Both DCL loss and BPR loss were constructed based on the edges of the user–item bipartite graph; hence, their time complexities are correlated with the number of edges in the graph. Assuming there are S edges in the graph, the dimensionality of node embeddings is d, and DCL loss selects n negative examples, the time complexity for computing DCL loss is O ( n · S · d ) , whereas the time complexity for BPR loss is O ( S · d ) . From this analysis, it is evident that the time complexity of DCL loss is n times that of BPR loss. However, in practical training scenarios, the computation time for DCL loss does not typically escalate to exactly n times that of BPR loss. This is because the computation of the dot products for n negative pairs can be expedited through parallel computing, significantly reducing the actual computation time for DCL loss. As clearly illustrated in Figure 7a, the time required for DCLMF to complete one epoch of training is merely two to three times that of BPRMF, far from being n times longer.

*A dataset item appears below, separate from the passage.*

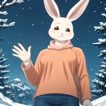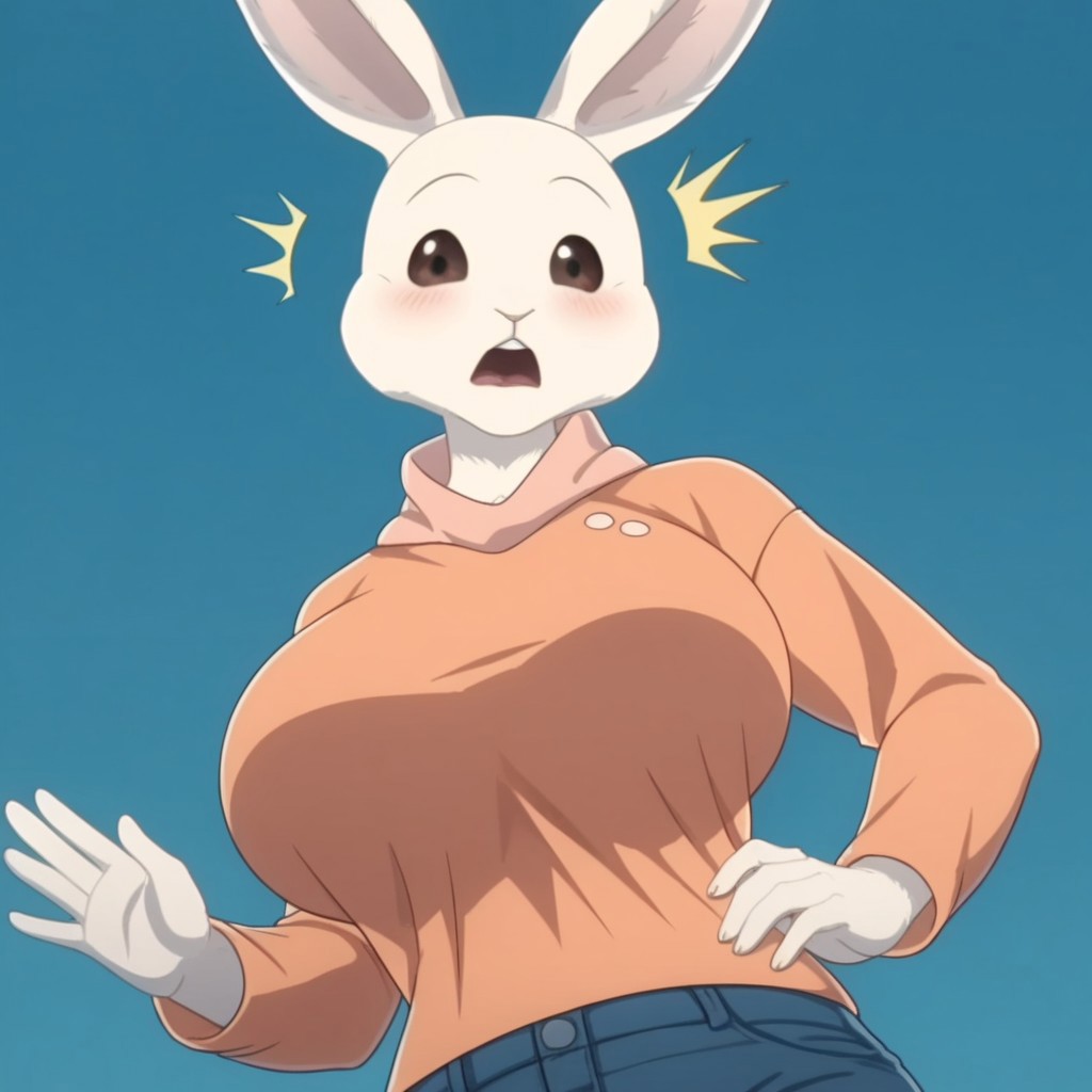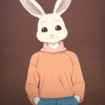 正面提示词:HaruS3,毛茸茸的,拟人化,兔形动物,雌性兔子,粉红色耳内侧,黑色眉毛,细眉毛,棕色眼白,黑色眼睛,闪亮的眼睛,白色身体,白色皮毛

5.5.4. Ablation Experiment

From Formula (13), we can see that DCL loss was obtained by summing DCL_U loss and DCL_I loss. To prevent the different models from influencing the experiments, we chose the simplest encoder, E = E ( 0 ) , for conducting the experiments. Since the experimental results demonstrate similar performance across all datasets, we present the experimental results on the Gowalla and Amazon Books datasets. The experimental results are shown in Figure 8. From Figure 8, we can observe that DCL loss achieved the best performance. This proves the effectiveness of selecting positive and negative examples from both user and item perspectives simultaneously. Additionally, we can observe that DCL_I loss is trainable, but it performs the worst. This is because DCL_I only selects positive and negative examples from the perspective of the item, which fails to obtain better user representations and consequently leads to poorer recommendation results.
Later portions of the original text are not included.